* _YOUR GOAL_: Could you copy exactly the lines below, beginning at the line with "的場がロープワークからペロの" and stopping after the line with "Разрезаем его на", with no pictures?

==== DATA RECORDS

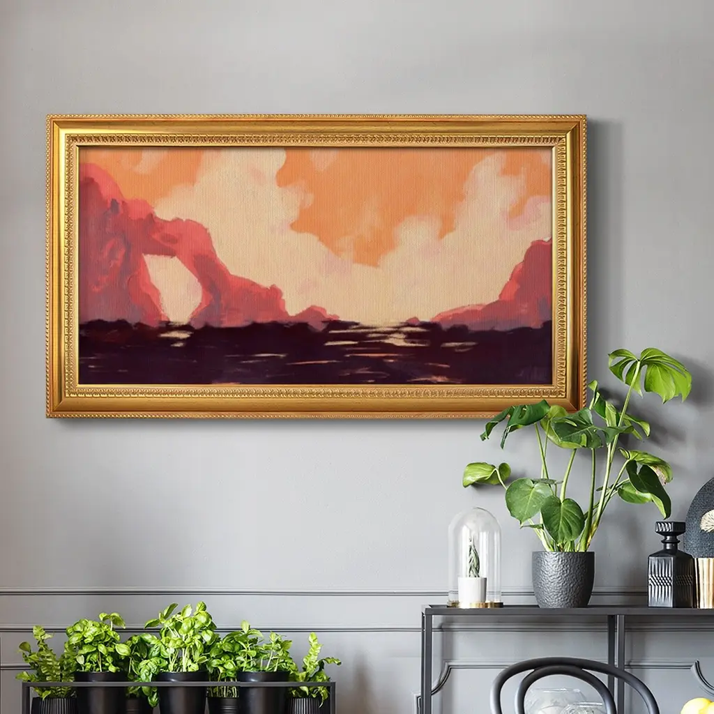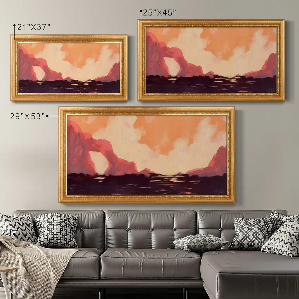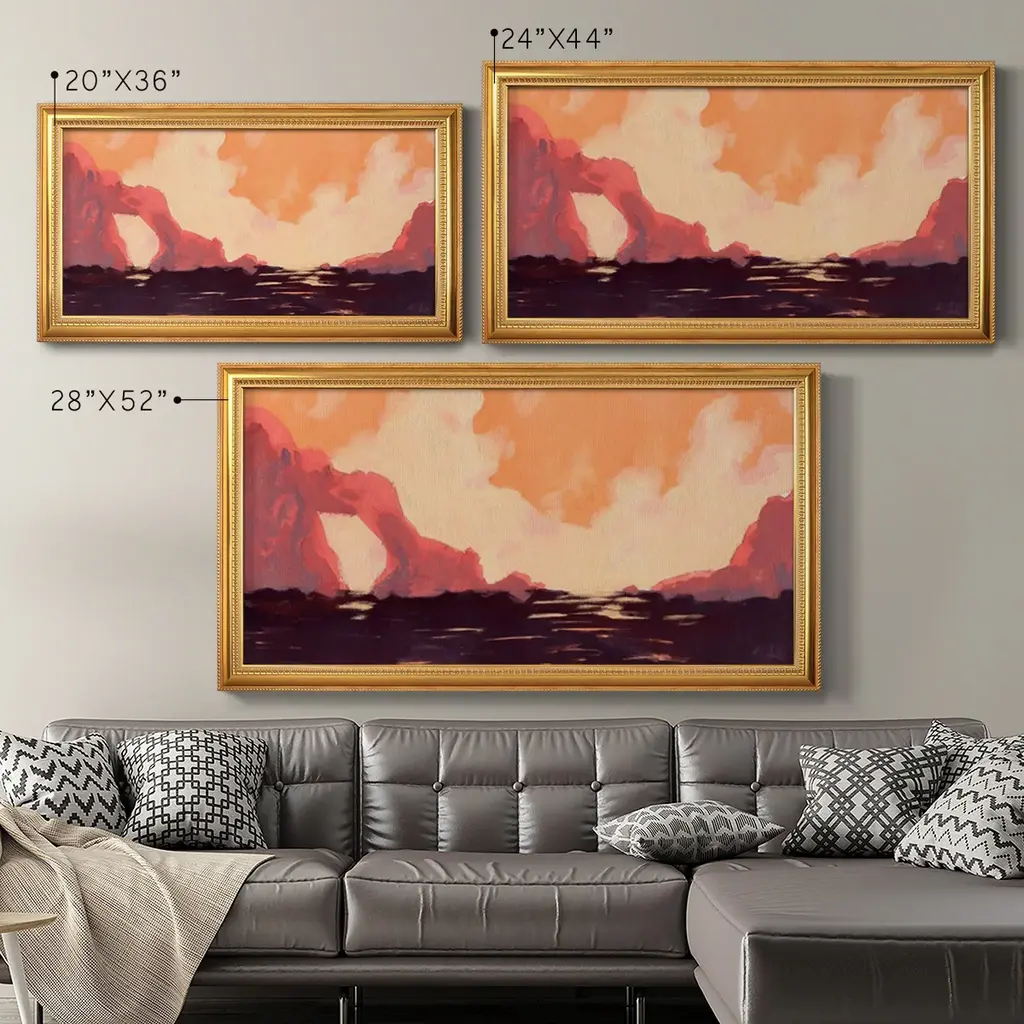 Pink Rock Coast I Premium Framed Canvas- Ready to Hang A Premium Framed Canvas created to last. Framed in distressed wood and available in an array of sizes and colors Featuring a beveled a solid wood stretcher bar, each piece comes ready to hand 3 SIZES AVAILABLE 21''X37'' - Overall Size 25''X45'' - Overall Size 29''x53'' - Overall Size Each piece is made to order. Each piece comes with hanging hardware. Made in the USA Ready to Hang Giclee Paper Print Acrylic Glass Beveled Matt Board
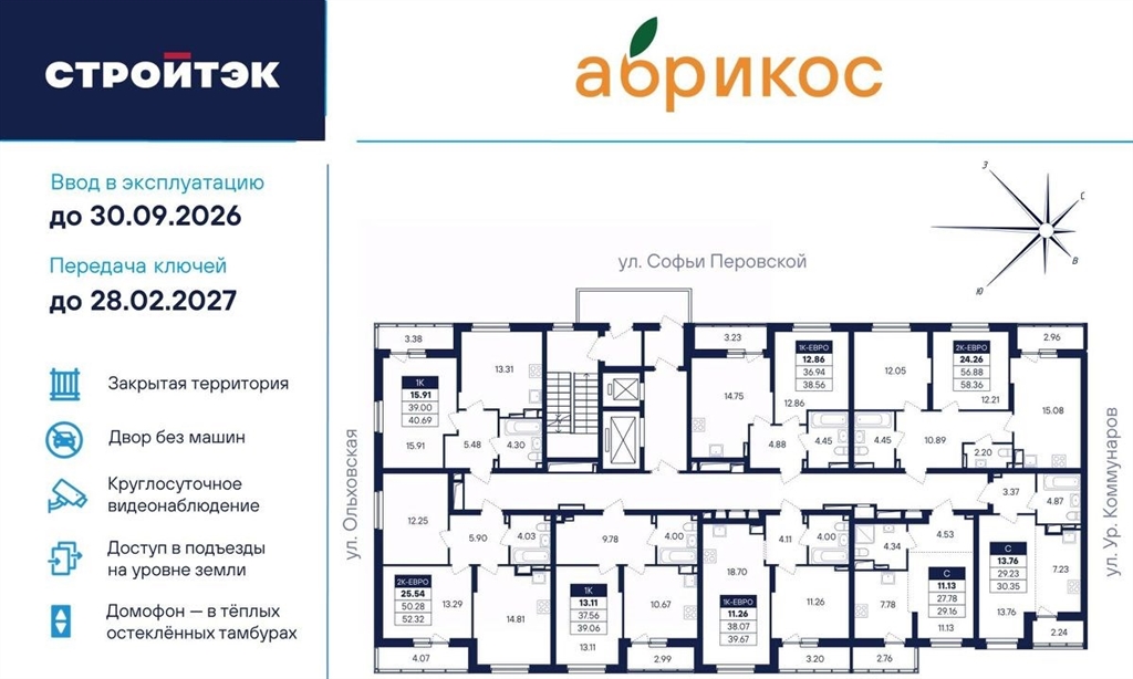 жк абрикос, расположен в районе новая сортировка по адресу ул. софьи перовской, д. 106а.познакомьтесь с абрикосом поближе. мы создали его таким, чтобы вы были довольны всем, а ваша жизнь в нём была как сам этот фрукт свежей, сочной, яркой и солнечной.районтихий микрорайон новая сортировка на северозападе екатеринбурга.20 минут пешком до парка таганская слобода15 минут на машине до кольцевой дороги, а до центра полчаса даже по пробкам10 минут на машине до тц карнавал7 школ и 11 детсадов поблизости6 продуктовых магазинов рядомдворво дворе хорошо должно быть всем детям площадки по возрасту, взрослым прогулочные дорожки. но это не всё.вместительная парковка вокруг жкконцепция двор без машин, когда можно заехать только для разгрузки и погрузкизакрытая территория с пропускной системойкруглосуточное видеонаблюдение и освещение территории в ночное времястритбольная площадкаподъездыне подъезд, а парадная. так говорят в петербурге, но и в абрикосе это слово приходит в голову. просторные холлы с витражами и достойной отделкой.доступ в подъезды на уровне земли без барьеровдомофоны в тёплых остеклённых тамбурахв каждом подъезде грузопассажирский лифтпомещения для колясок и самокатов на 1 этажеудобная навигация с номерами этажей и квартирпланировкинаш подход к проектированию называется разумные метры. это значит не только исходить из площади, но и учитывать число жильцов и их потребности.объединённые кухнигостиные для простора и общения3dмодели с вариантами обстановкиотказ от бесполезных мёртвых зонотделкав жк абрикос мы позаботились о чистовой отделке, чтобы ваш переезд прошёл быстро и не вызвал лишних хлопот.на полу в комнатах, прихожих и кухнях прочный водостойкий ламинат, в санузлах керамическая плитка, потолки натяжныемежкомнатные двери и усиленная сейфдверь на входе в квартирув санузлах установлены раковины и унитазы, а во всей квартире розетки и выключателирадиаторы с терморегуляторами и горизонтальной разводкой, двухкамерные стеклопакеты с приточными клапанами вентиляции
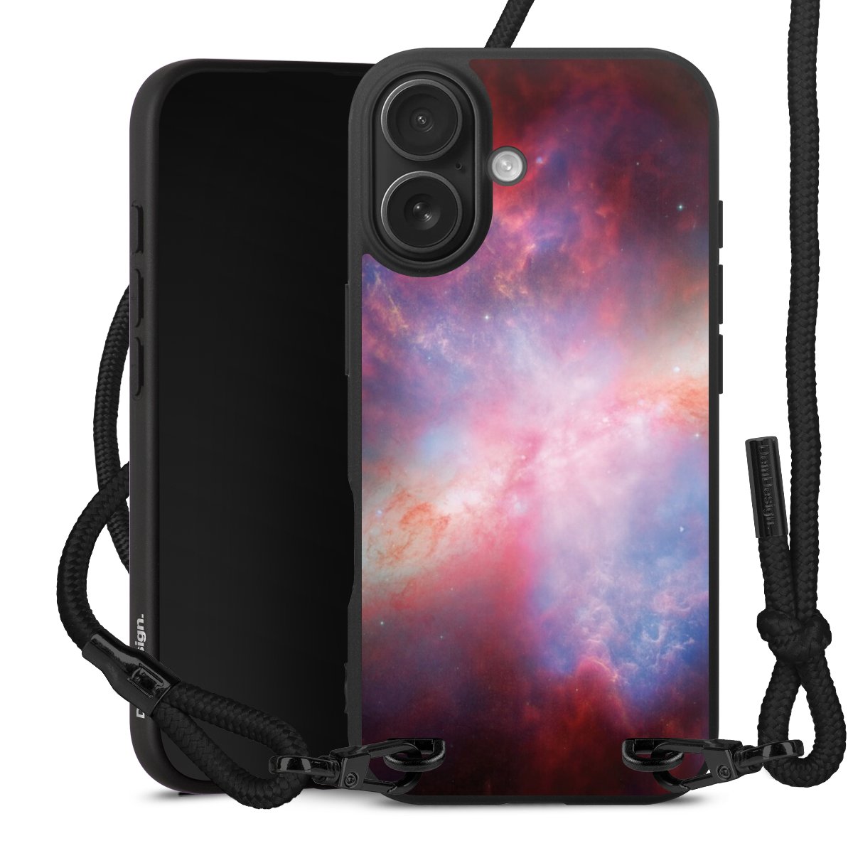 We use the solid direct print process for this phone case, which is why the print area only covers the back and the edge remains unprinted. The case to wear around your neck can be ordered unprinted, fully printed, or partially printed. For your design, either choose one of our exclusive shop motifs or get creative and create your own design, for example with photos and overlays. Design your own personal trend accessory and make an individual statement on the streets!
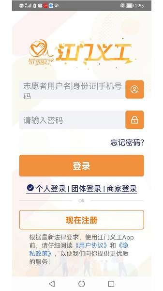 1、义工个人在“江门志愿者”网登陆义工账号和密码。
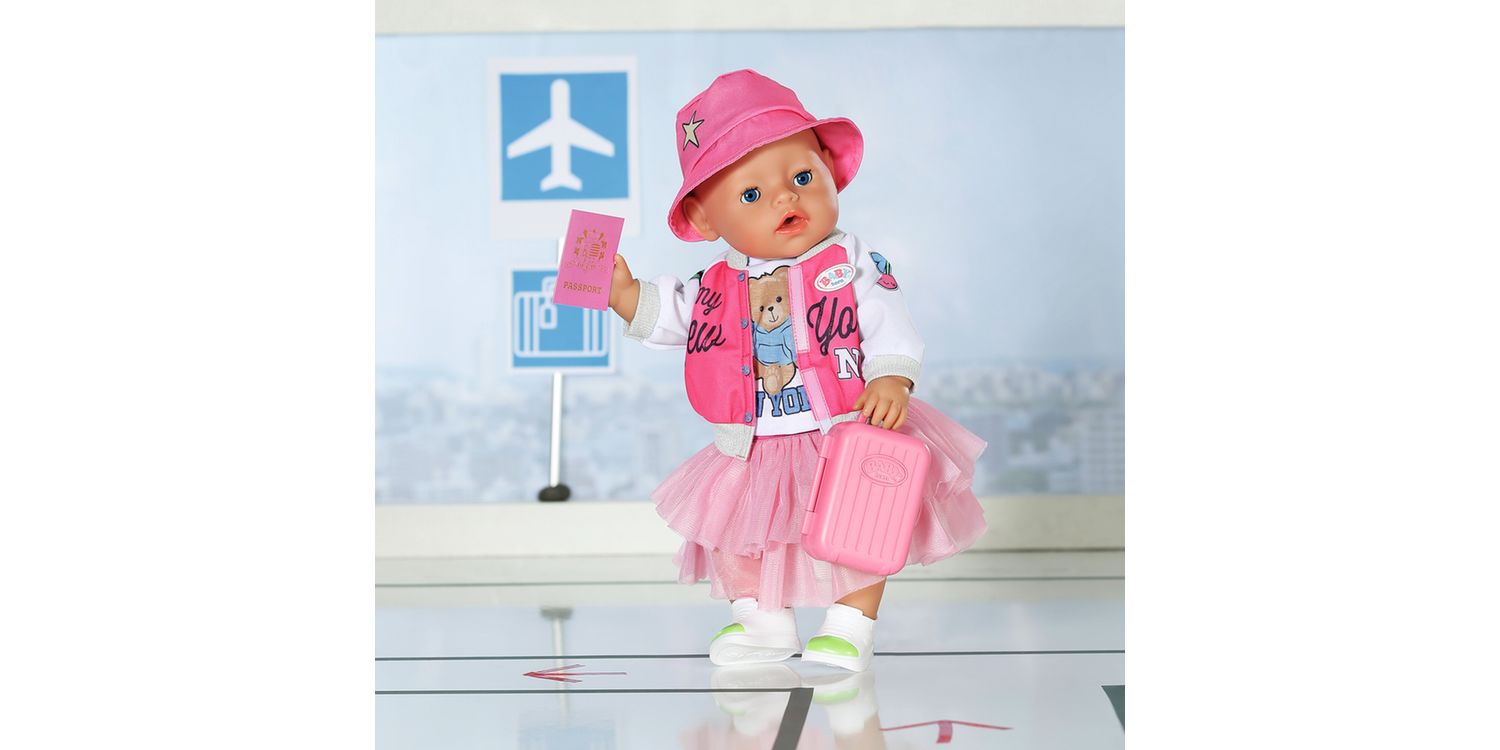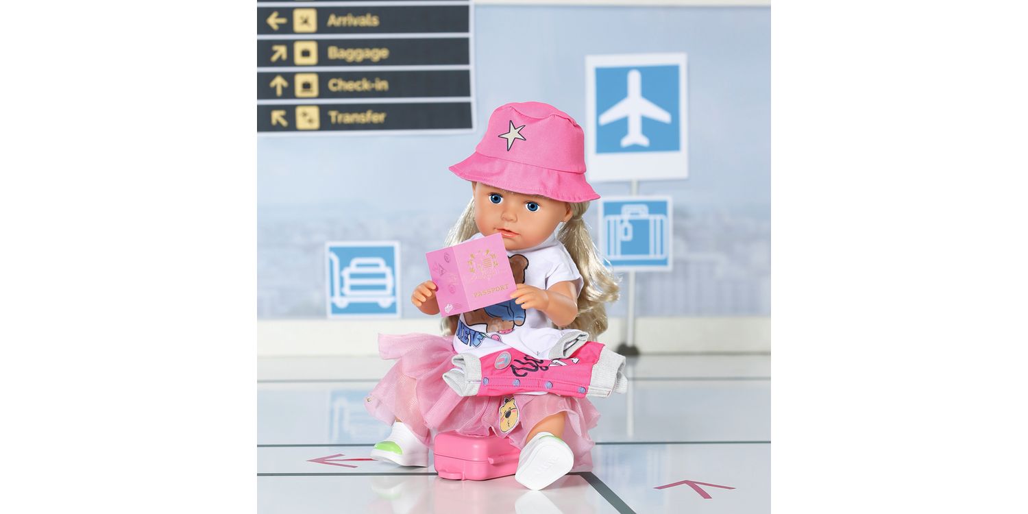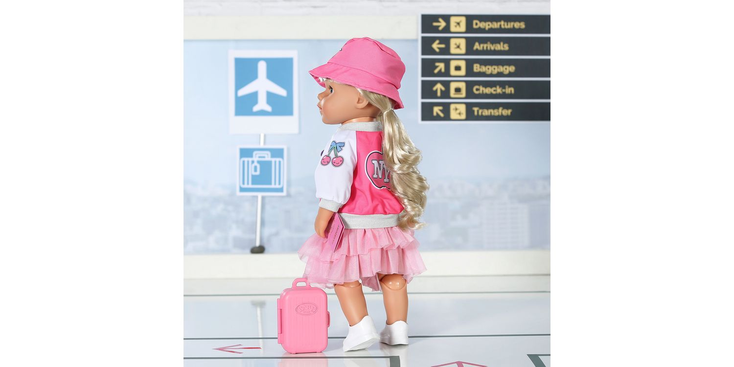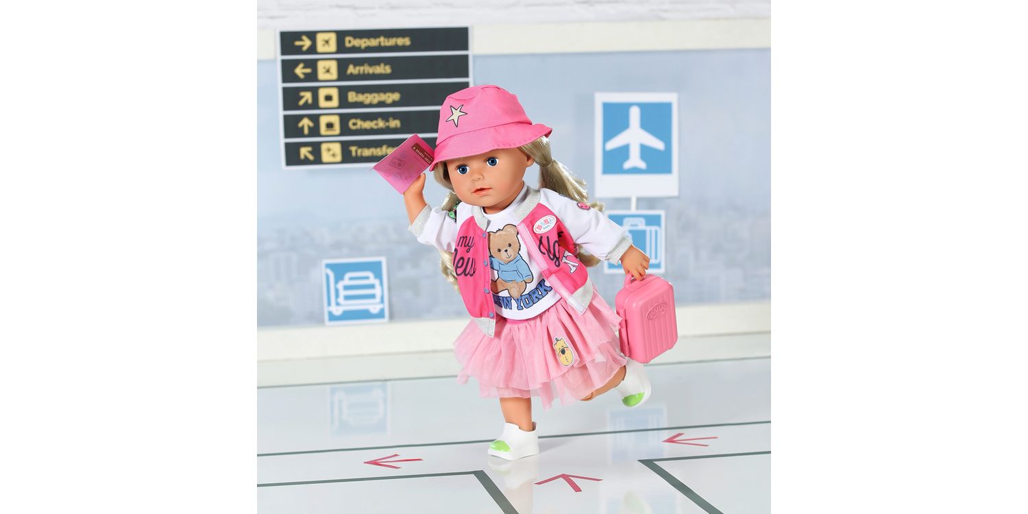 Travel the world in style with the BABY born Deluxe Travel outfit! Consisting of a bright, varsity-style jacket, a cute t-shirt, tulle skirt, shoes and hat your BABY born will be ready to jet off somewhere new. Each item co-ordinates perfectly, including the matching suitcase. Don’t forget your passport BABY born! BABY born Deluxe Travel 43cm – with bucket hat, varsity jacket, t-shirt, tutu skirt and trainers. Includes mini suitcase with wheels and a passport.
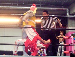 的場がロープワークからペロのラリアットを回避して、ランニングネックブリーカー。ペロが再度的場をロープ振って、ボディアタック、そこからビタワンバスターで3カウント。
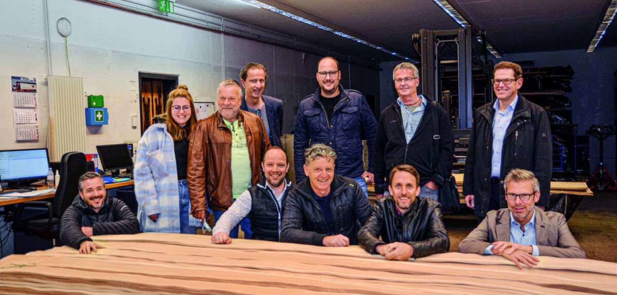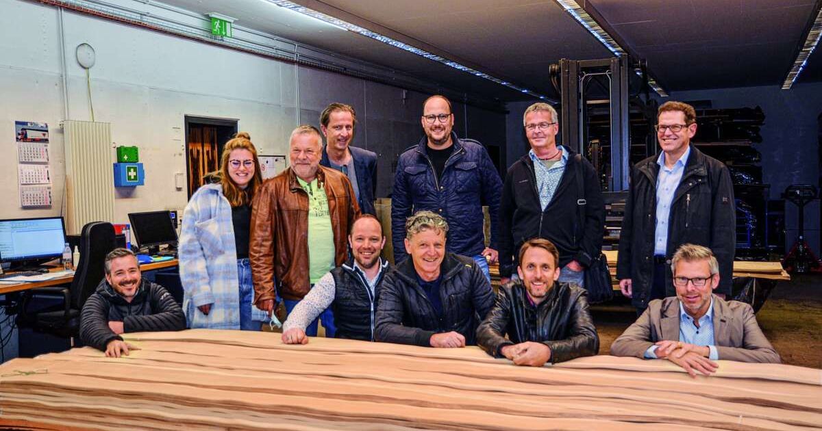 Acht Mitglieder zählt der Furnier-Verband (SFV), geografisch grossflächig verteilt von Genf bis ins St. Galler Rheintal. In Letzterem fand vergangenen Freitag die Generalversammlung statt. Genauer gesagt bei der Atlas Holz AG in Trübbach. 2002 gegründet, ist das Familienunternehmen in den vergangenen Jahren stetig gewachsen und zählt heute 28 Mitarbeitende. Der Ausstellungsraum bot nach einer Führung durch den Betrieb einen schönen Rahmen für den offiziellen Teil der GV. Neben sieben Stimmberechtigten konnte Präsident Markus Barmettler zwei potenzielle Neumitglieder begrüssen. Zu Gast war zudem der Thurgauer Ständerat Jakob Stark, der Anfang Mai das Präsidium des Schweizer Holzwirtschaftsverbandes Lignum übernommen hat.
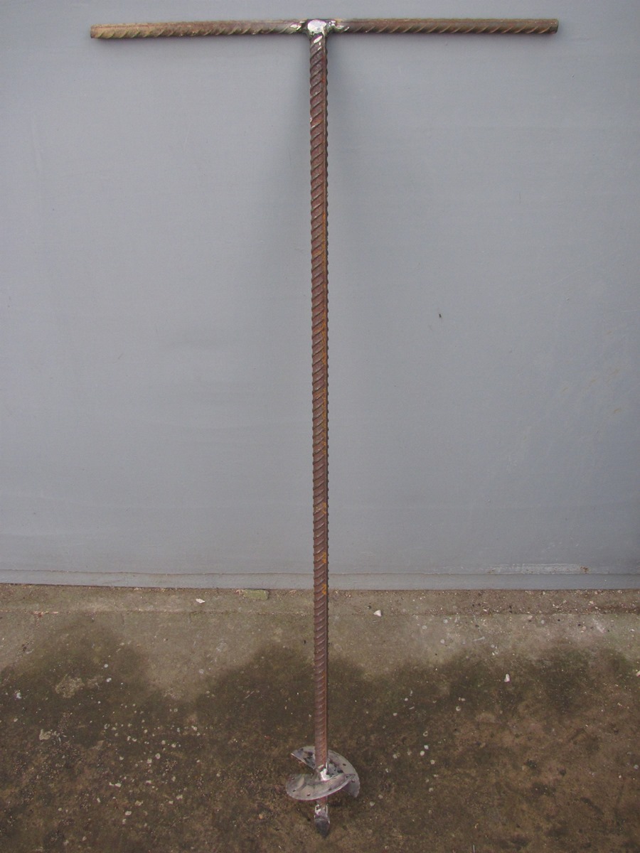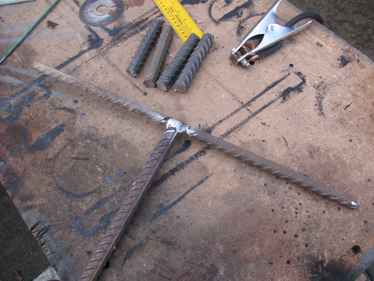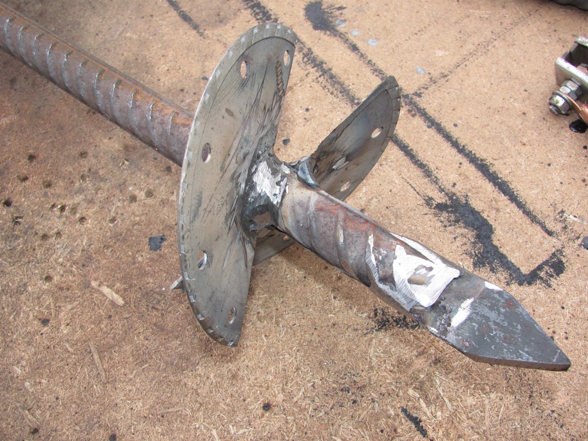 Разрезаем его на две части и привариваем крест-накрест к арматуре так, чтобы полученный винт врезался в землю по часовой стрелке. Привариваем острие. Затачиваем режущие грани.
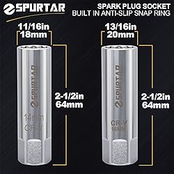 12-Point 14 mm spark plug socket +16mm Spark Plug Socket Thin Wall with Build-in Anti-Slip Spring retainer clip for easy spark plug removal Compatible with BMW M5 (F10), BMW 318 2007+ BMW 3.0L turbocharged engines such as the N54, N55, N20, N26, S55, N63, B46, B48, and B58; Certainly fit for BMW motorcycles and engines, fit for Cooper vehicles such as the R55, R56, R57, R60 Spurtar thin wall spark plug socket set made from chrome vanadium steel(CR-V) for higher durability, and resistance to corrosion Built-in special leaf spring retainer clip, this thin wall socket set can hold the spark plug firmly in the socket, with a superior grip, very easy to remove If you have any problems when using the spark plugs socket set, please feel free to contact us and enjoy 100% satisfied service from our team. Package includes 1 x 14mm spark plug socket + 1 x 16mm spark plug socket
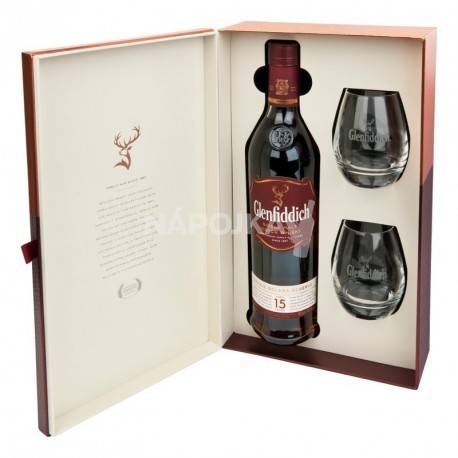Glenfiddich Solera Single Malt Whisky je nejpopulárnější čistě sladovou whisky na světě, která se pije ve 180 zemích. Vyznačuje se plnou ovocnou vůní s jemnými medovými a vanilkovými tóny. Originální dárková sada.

========

* _EXPECTED OUTPUT_:
 的場がロープワークからペロのラリアットを回避して、ランニングネックブリーカー。ペロが再度的場をロープ振って、ボディアタック、そこからビタワンバスターで3カウント。
 Acht Mitglieder zählt der Furnier-Verband (SFV), geografisch grossflächig verteilt von Genf bis ins St. Galler Rheintal. In Letzterem fand vergangenen Freitag die Generalversammlung statt. Genauer gesagt bei der Atlas Holz AG in Trübbach. 2002 gegründet, ist das Familienunternehmen in den vergangenen Jahren stetig gewachsen und zählt heute 28 Mitarbeitende. Der Ausstellungsraum bot nach einer Führung durch den Betrieb einen schönen Rahmen für den offiziellen Teil der GV. Neben sieben Stimmberechtigten konnte Präsident Markus Barmettler zwei potenzielle Neumitglieder begrüssen. Zu Gast war zudem der Thurgauer Ständerat Jakob Stark, der Anfang Mai das Präsidium des Schweizer Holzwirtschaftsverbandes Lignum übernommen hat.
 Разрезаем его на две части и привариваем крест-накрест к арматуре так, чтобы полученный винт врезался в землю по часовой стрелке. Привариваем острие. Затачиваем режущие грани.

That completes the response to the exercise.